This study is designed to evaluate the efficacy and safety of eltrombopag monotherapy in Japanese adult patients with platelet transfusion-dependent lower-risk Myelodysplastic syndromes (LR-MDS).

Condition or Disease Intervention/Treatment Phase
Phase 2

Detailed Description

This is a randomized, double-blind, placebo-controlled, Japanese local phase II study to evaluate the efficacy and safety of eltrombopag monotherapy in Japanese adult patients with platelet transfusion-dependent lower-risk MDS (IPSS-R very low, low, intermediate risk with bone marrow blast count < 5% and cytogenetic very good, good or intermediate risk). Platelet transfusion dependence at baseline is defined as receiving platelet transfusion regularly with a frequency of 2 or more times within 4 weeks prior to randomization. Platelet transfusion should be performed for a patient with platelet counts < 20 X 109/L, or with hemorrhagic symptoms and platelet counts < 30 X 109/L.

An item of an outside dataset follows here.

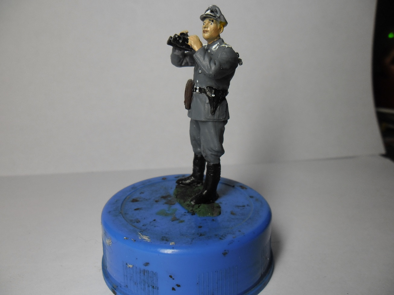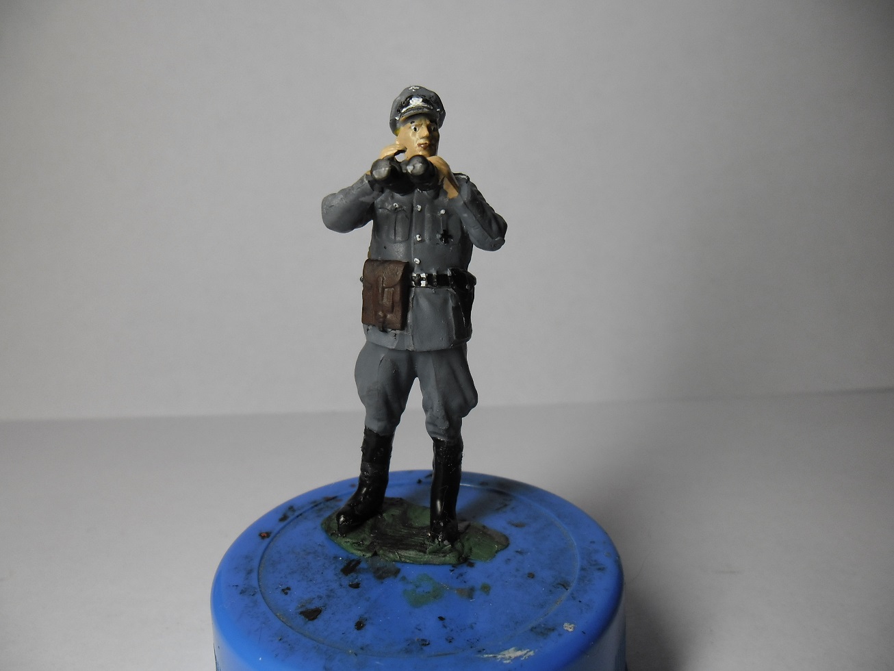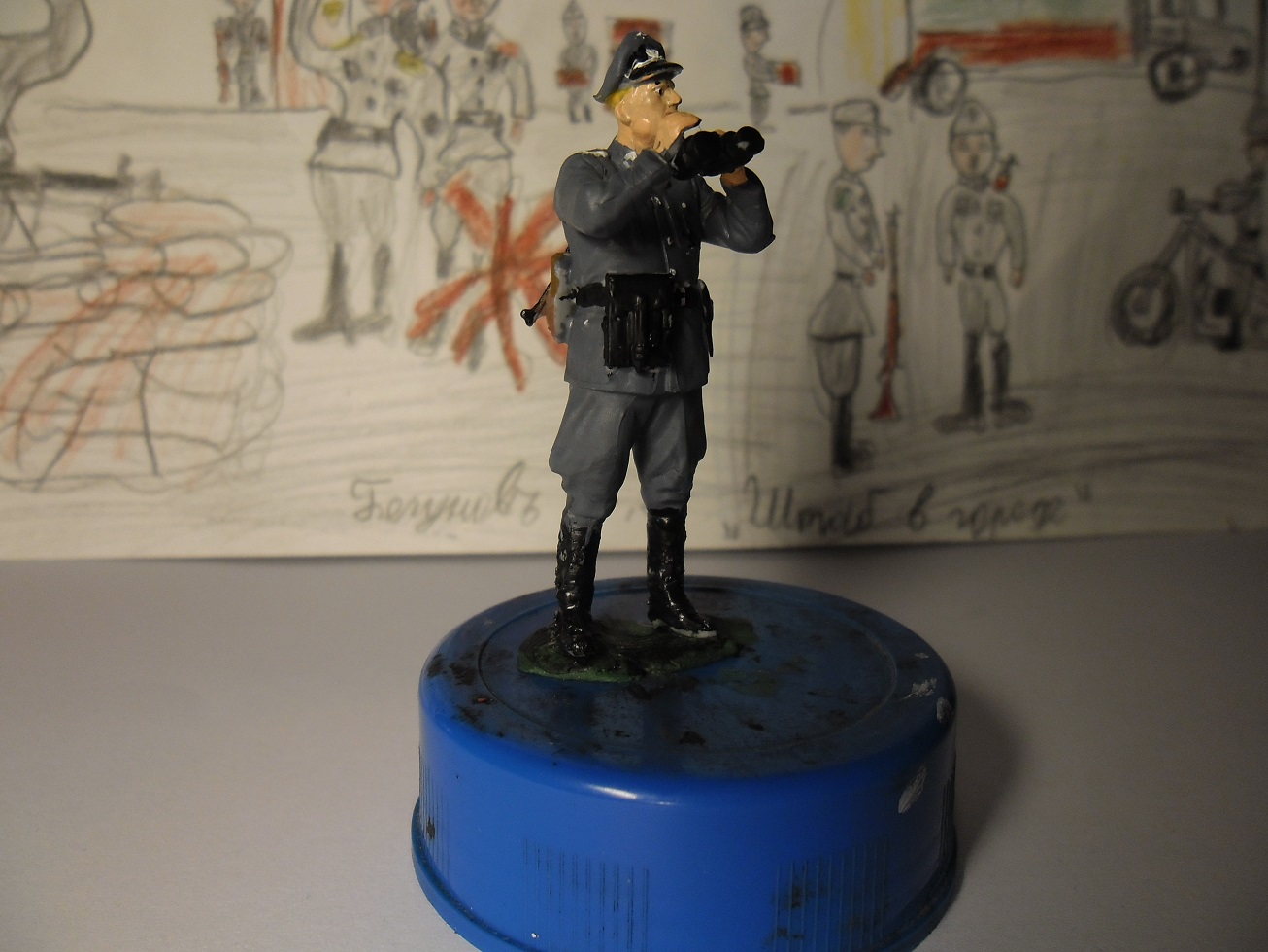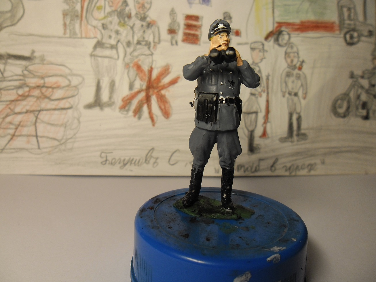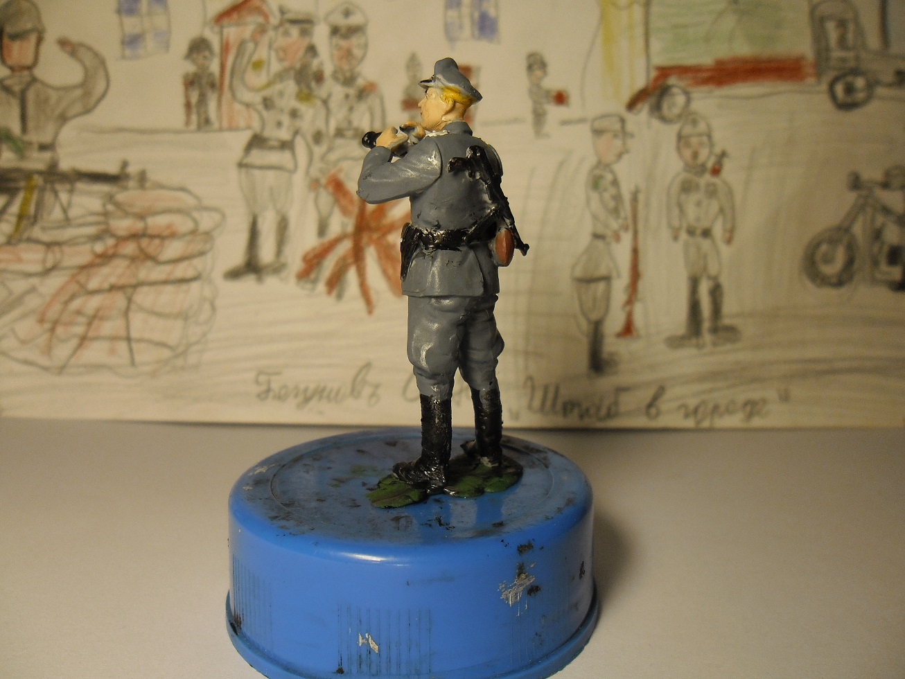 А теперь посмотри внимательно свои фото и исправь ошибки:непрокрашенные места надо аккуратно прокрасить,заляпанные места исправить,кожаный ремень и планшетку перекрасить в темнокоричневый цвет.Если есть матовый лак,покрасить всю фигурку,чтобы не блестела.Как исправишь,пересними и выложи здесь же,а мы посмотрим.Рисунок кстати классный.

The primary objective is to demonstrate superiority of eltrombopag versus placebo in terms of the proportion of participants who achieve platelet transfusion independence at Week 24.

Study Design

Study Type:
Interventional
Anticipated Enrollment :
44 participants
Allocation:
Randomized
Intervention Model:
Parallel Assignment
Masking:
Quadruple (Participant, Care Provider, Investigator, Outcomes Assessor)
Masking Description:
Participants, investigators, site staffs and site monitors will remain blinded to the identity of the treatment from the time of randomization until database lock for final analysis, and the clinical study team members and anyone involved in the Japan registration activities will be blinded until database lock for the primary analysis. Randomization data are kept strictly confidential until the time of unblinding and will not be accessible by anyone else involved in the study with the following exceptions: DMC members and who will perform data analysis for DMC.
Primary Purpose:
Treatment
Official Title:
A Randomized, Double-blind, Placebo-controlled, Japan Local Phase II Clinical Study Comparing Eltrombopag Monotherapy Versus Placebo in Adult Lower-risk Myelodysplastic Syndromes (MDS) Patients With Platelet Transfusion Dependence
Actual Study Start Date :
May 25, 2021
Anticipated Primary Completion Date :
Aug 31, 2023
Anticipated Study Completion Date :
Jan 31, 2025

Arms and Interventions

Arm Intervention/Treatment
Experimental: Eltrombopag Arm

Participants randomized to a 1: 1 ratio will take eltrombopag.

Drug: Eltrombopag
Eltrombopag comes in 12.5 mg & 25 mg tablets and is taken orally once per day (QD)
Other Names:
  • ETB115

    		•
    Placebo Comparator: Placebo Arm

    Participants randomized to a 1: 1 ratio will take Placebo.

    Drug: Placebo
    Placebo comes in 12.5 mg & 25 mg tablets and is taken orally once per day (QD)

    Outcome Measures

    Primary Outcome Measures

    1. Percentage of participants who achieve platelet transfusion independence at Week 24 [Week 24]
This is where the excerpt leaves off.